**Recorded information**

·····

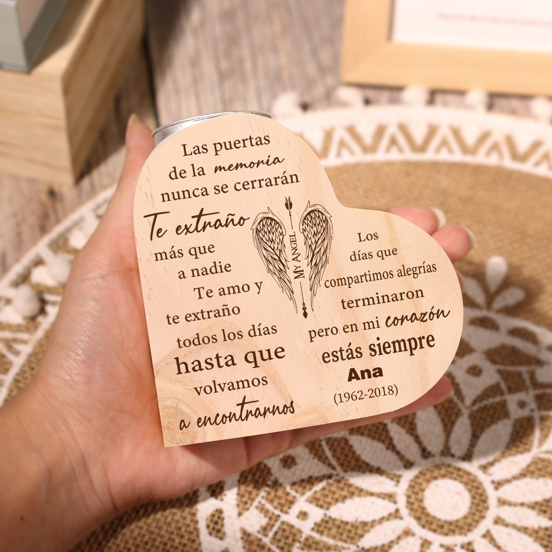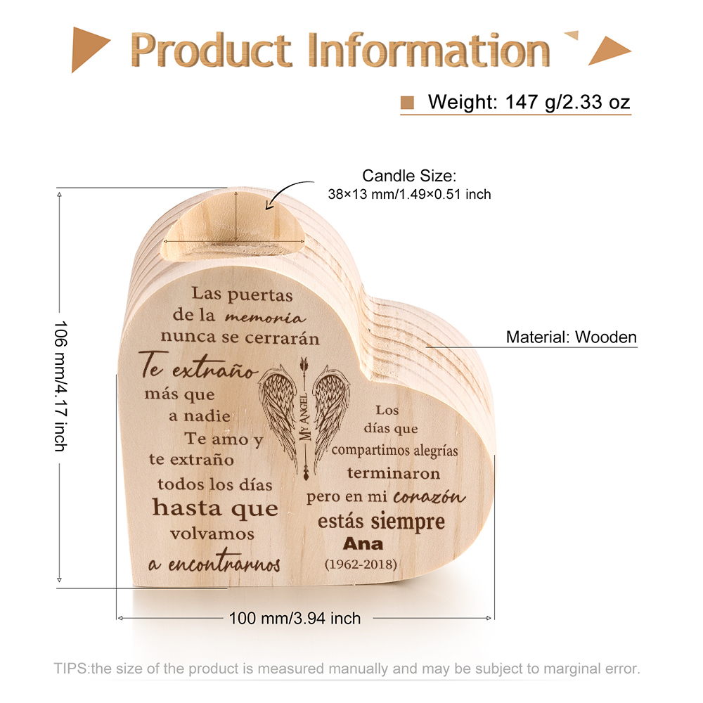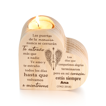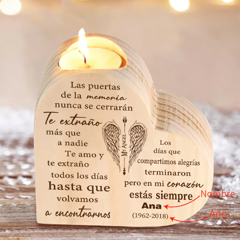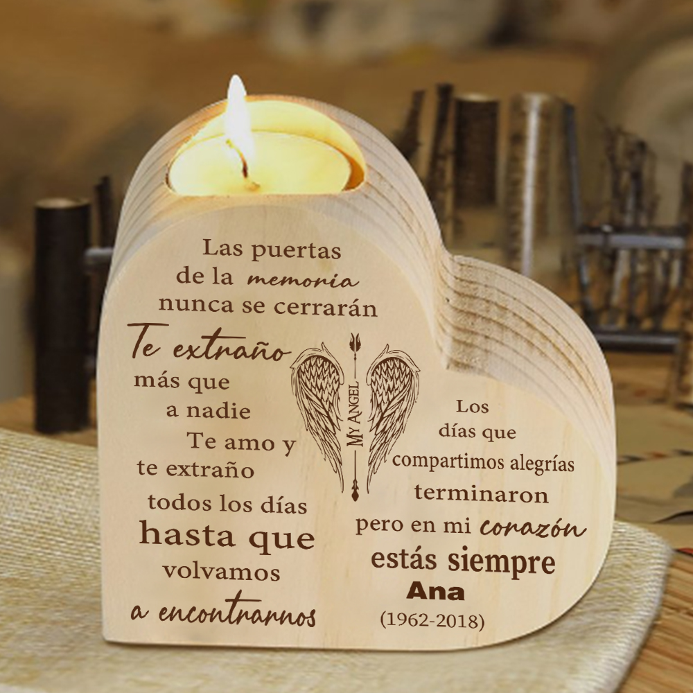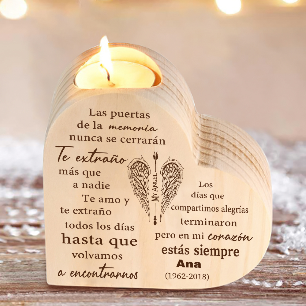 Candelero de corazón en memoria de ser querido de madera nombre y año personalizados sin vela
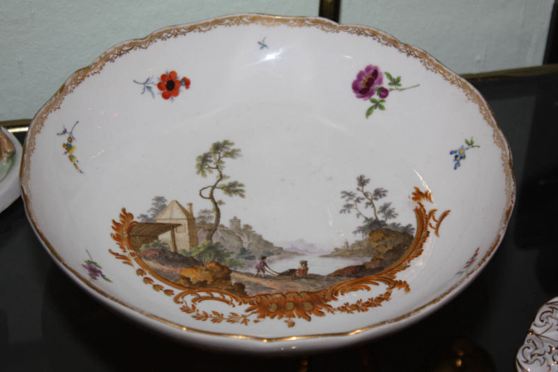 Meissen Teller, handgemalte Landschaftsszene, 18. Jh., Schwertermarke mit Punkt, bis 1773, Durchmesser 24,3 cm
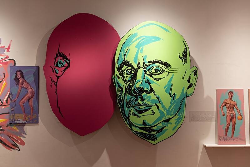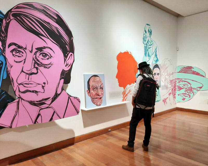 Además de técnicas como el óleo sobre tela, acrílico, esmalte al agua (en muros) y dibujo, Gabler creó figuras recortadas como las que se hacían en los cines hasta los 80. “Es una técnica que era muy común en los cines hasta los años 80”, dice el artista. Las dos figuras centrales, en el centro de la muestra, son emblemáticos villanos: Jaws (o Mandíbula), el asesino con dientes de acero, y OddJob, secuaz de Goldfinger.

·····

**Prompt**
Each line from the top of the material through the line containing "Meissen Teller, handgemalte" should be reproduced exactly; please drop any images.

**Answer to the exercise**
 Candelero de corazón en memoria de ser querido de madera nombre y año personalizados sin vela
 Meissen Teller, handgemalte Landschaftsszene, 18. Jh., Schwertermarke mit Punkt, bis 1773, Durchmesser 24,3 cm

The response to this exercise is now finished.